Plant Database / Fruit & Berries / Thornless Blackberry
Fruit & Berries

Thornless Blackberry

Rubus species
Rosaceae (Rose)

All the blackberry yield without the thorns. Prune out the old canes after they fruit and you're set.

EdiblePerennialBeginner-friendlyWe sell it
Thornless Blackberry (Rubus species) illustration — Texas Roots plant database, by Jordan Polasek
Sun
Full sun
Water
Moderate
Soil
Well-drained
pH
5.5–6.5
Hardiness
Hardy cane
Height
3–5 ft
Spacing
3–4 ft
Days to harvest
2nd-year canes bear

What it is

Thornless Blackberry (Rubus species) is in the Rosaceae (Rose) family. All the blackberry yield without the thorns. Prune out the old canes after they fruit and you're set.

How to grow it

It wants full sun, water it moderate, and give it well-drained soil.

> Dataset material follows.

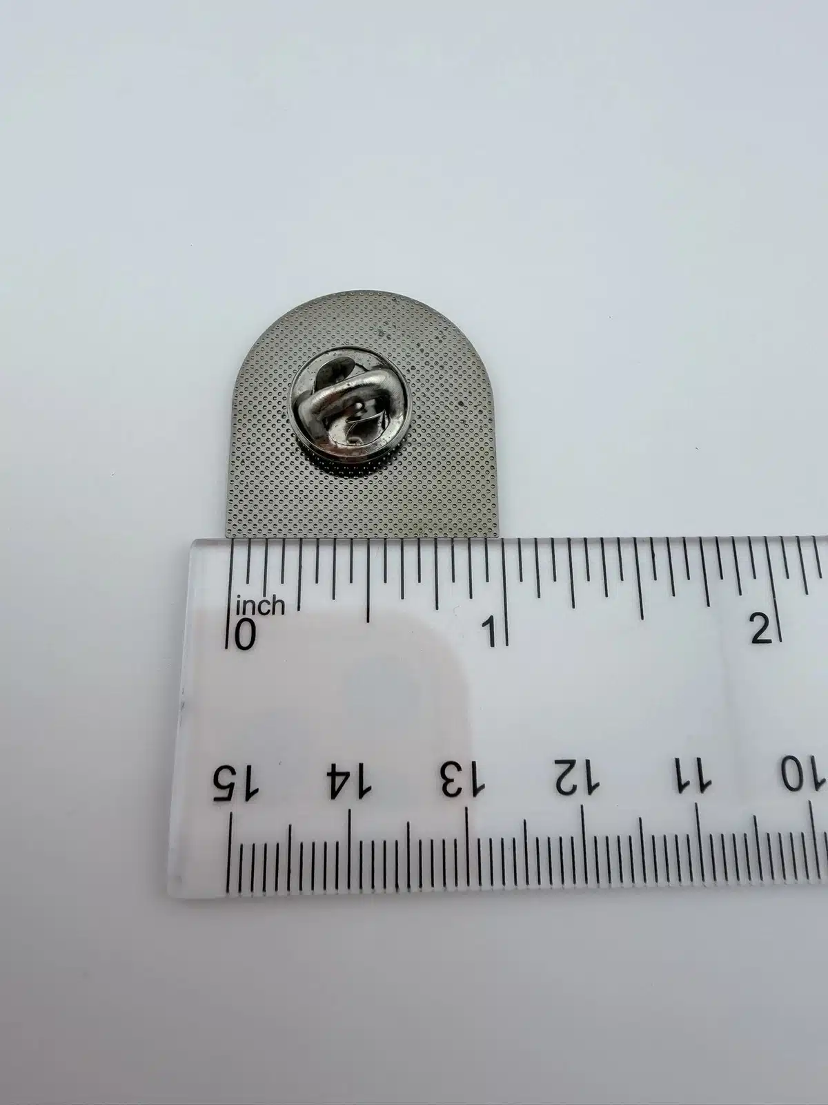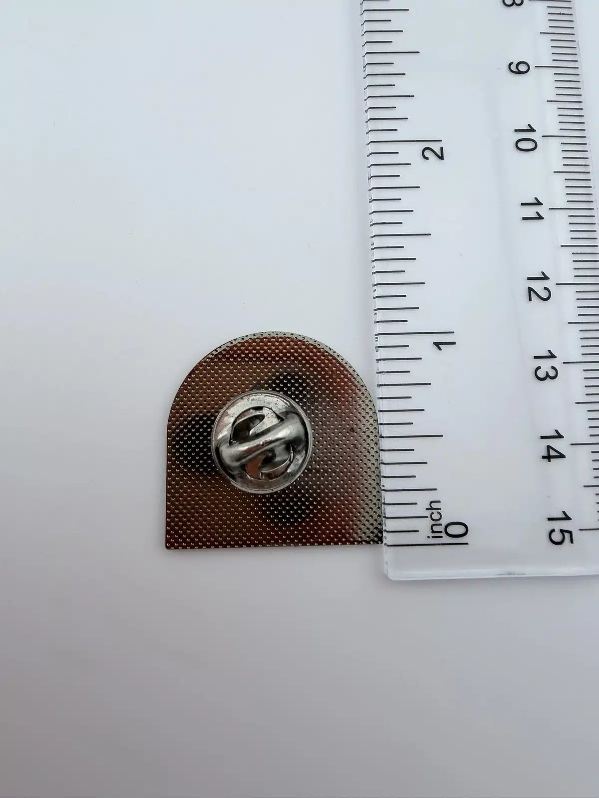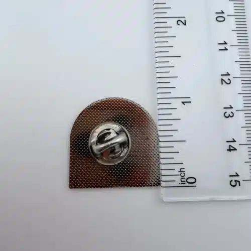 Measuring approximately 1 inch wide by 1 inch tall, the pin is arch shaped, resembling a small window. The unique silhouette adds character to the piece and helps it stand out among traditional square or circular fair pins.
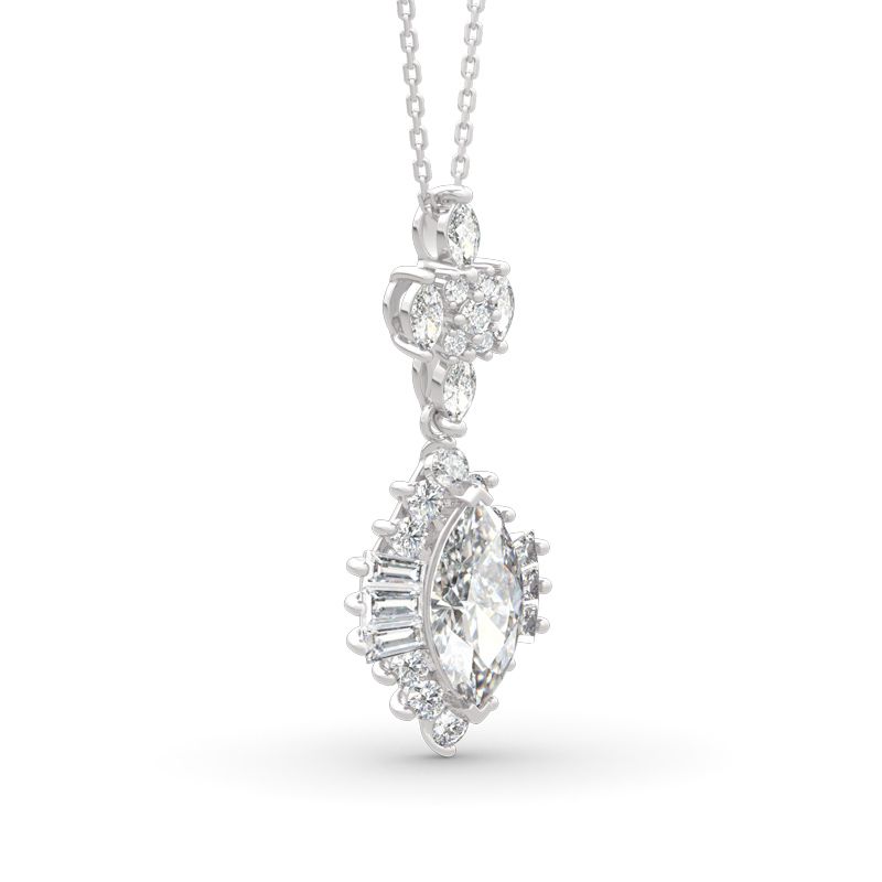 Celebrate one of the most unforgettable moments of your life with this joyous expression of love. This shimmering necklace features a marquise cut stone wrapped in a halo frame of baguette and round stones. Glittering in bold brilliance, additional stones add more sparkle. All the stones sparkle perfectly from every angle, making this necklace an…

Target a soil pH around 5.5–6.5. Space plants about 3–4 ft apart. Expect roughly 2nd-year canes bear. Hardy cane.

How it's used

Thornless Blackberry is used: fresh, jam, frozen.

🔎 How to identify it

  • Arching smooth (thornless) canes
  • White-backed compound leaves
  • White five-petal flowers

Edibility

PartsRipe fruit
UsesFresh, jam, frozen
CautionFruits on second-year canes — don't cut everything.
🌤 Before you plant: check the live 7-day garden weather to time it right for frost and heat.

Part of the free Texas Roots plant database, compiled by Jordan Polasek from his greenhouse in El Campo, Texas. Free to read and share. If it helped, the best thanks is to grow something.